You may be thinking: I must have a big wedding, because it will be the most important day in my life, and I will think about it hundreds of times in the future. But it doesn't work that way. From my own experience I can predict: you will quickly stop thinking much about your wedding day once it is over; you will become absorbed in your future activities; and you will almost never think about your wedding day for the rest of your life. So why bother making such a spectacle out of a day you'll hardly ever think about once it's over?

Now let's look at another ritual that we should modify for the sake of our ailing planet: funerals.

As for cremation versus burial, I see no big difference from an environmental standpoint between the two, provided that someone uses a simple coffin rather than some mahogany showpiece used as a final blast of conspicuous consumption. You use up less by cremating, but then you release more greenhouse gases, so there's no big difference ecologically.

The main way in which funerals can have a high carbon dioxide footprint is if many people use jet planes to travel to the funeral. If there are 20 attendees from distant cities at your funeral, that may end up being 40 plane trips, which may mean a carbon dioxide footprint far greater than the annual carbon dioxide footprint of the average person in the Third World.

Unless you are someone with a very strong religious belief about funerals, I advise you to explicitly instruct your family: do not have either a funeral or a wake for me if I die. This is exactly what I have told my own family, along with instructions that my body be cremated. I don't want people contributing to global warming by taking a jet just to attend a funeral or wake related to my death.

What about if someone dies who has not expressed any wishes about a funeral? I think such a person should not be given a funeral. Save the $5000 or more it will cost for a funeral, or donate the money to fight hunger or plant trees or help some other cause.

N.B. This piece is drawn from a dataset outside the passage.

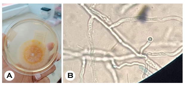 The dermatologic examination of the parietal scalp revealed alopecia with well-demarcated, gray-patch plaques measuring approximately 2 × 3 cm and 1 × 2 cm, with fine scaling and active borders. Many hairs within the plaques appeared dull and occasionally bent (bamboo-like) with broken hairs at the periphery (Fig. 1A). Wood's lamp examination in a dark room showed bright blue-green fluorescence along the infected hair shafts (Fig. 1B). The trichoscopy results showed comma hairs and corkscrew hairs on an erythematous, scaly back- ground (Fig. 2A; magnification ×20). The direct microscopy of the depilated hairs using 10% KOH revealed numerous ectothrix arthroconidia coating the hair shaft (Fig. 2B). The fungal culture of the hair fragments on SDA (incubated at a temperature of 25-28℃ for up to 4 weeks) yielded growth consistent with that of Microsporum ferrugineum, forming yellow, flat colonies with central folding and bundles of sub- merged hyphae at the periphery. The reverse showed bright yellow pigmentation (Fig. 3A). The microscopy of the culture showed long, straight hyphae with prominent cross-walls ("bamboo hyphae") and chlamydoconidia (Fig. 3B). Compared with M. audouinii, M. ferrugineum is usually more sparsely sporulating, with conidia absent or rare, and is characterized by "bamboo" hyphae and chlamydoconidia in culture. In contrast, Microsporum canis usually forms abundant large, thick-walled macroconidia with pointed ends and develops colonies with a characteristic yellow-green pigment.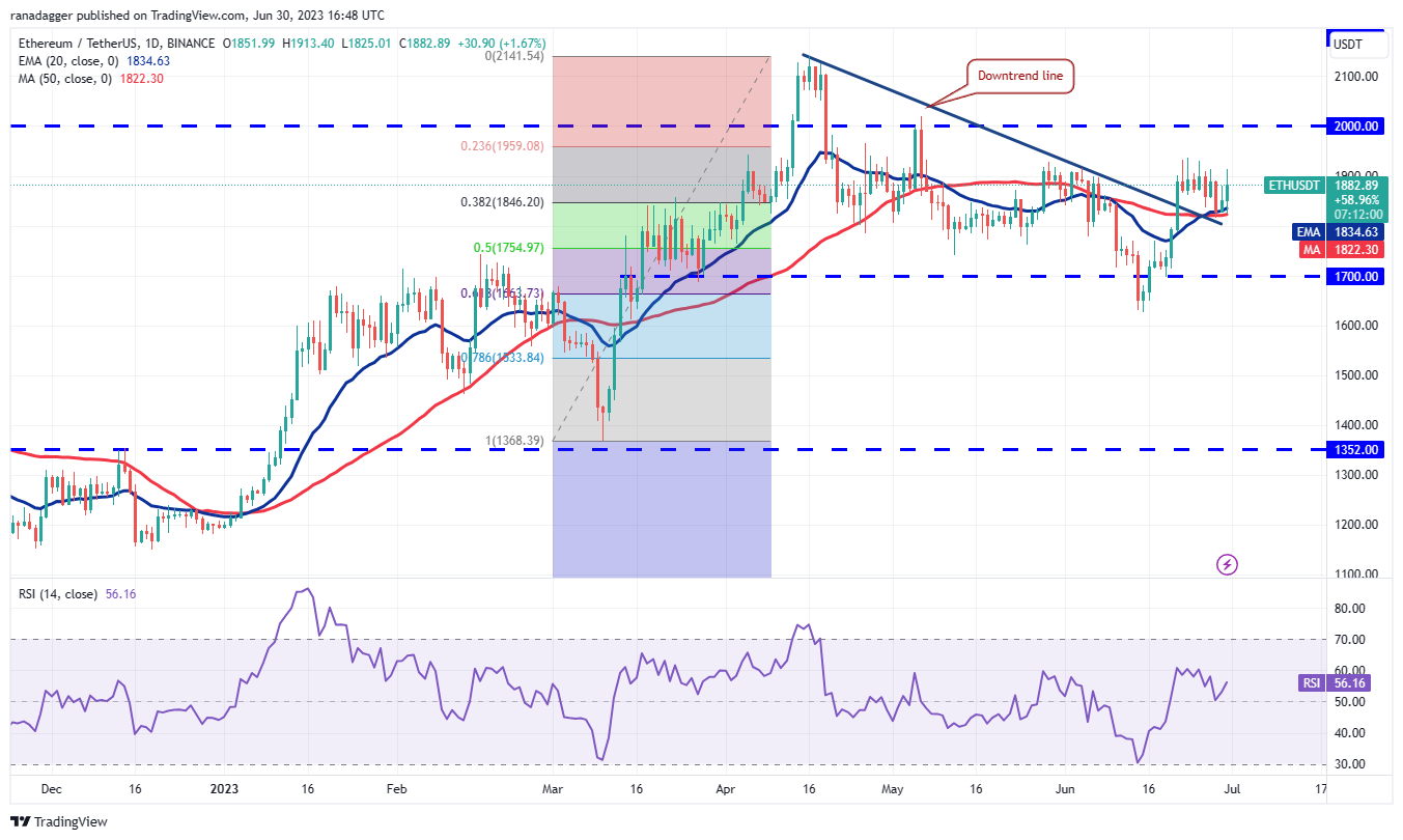 Ether (ETH) bounced off the moving averages on June 29, indicating that the lower levels are attracting buyers.

If many jet travelers attend a funeral, it just isn't green

Some people think that a loved one may be disappointed in the next life if he or she fails to see a funeral, or sees only a few people at his funeral. That does not seem a credible notion. It is quite possible that our consciousness does not survive death, and it is quite possible that we do survive death and go on to some higher state of consciousness. But if someone does move on after death to some higher state of consciousness, we can imagine that person confronting eternal issues of truth and morality, but we can hardly imagine that the person will be considering such a trivial matter as how many people went to his funeral.

If you can't give up on the idea of a funeral, but want to do something with a lower environmental footprint, consider this option: a virtual funeral. A virtual funeral is an online web site where people can write tributes to a departed love one. Anyone can create one by creating a new Blogger blog with a name such as JohnDoeFuneral.blogspot.com. The initial post can contain a picture of the departed love one, a written tribute, and an invitation for anyone who knew him or her to comment on his life. Readers can then add tributes as comments to the initial blog post.

A site like this will last for years, since Google's Blogger service does not delete blogs, even if they have few readers. Compare that to a regular funeral, which only lasts about an hour.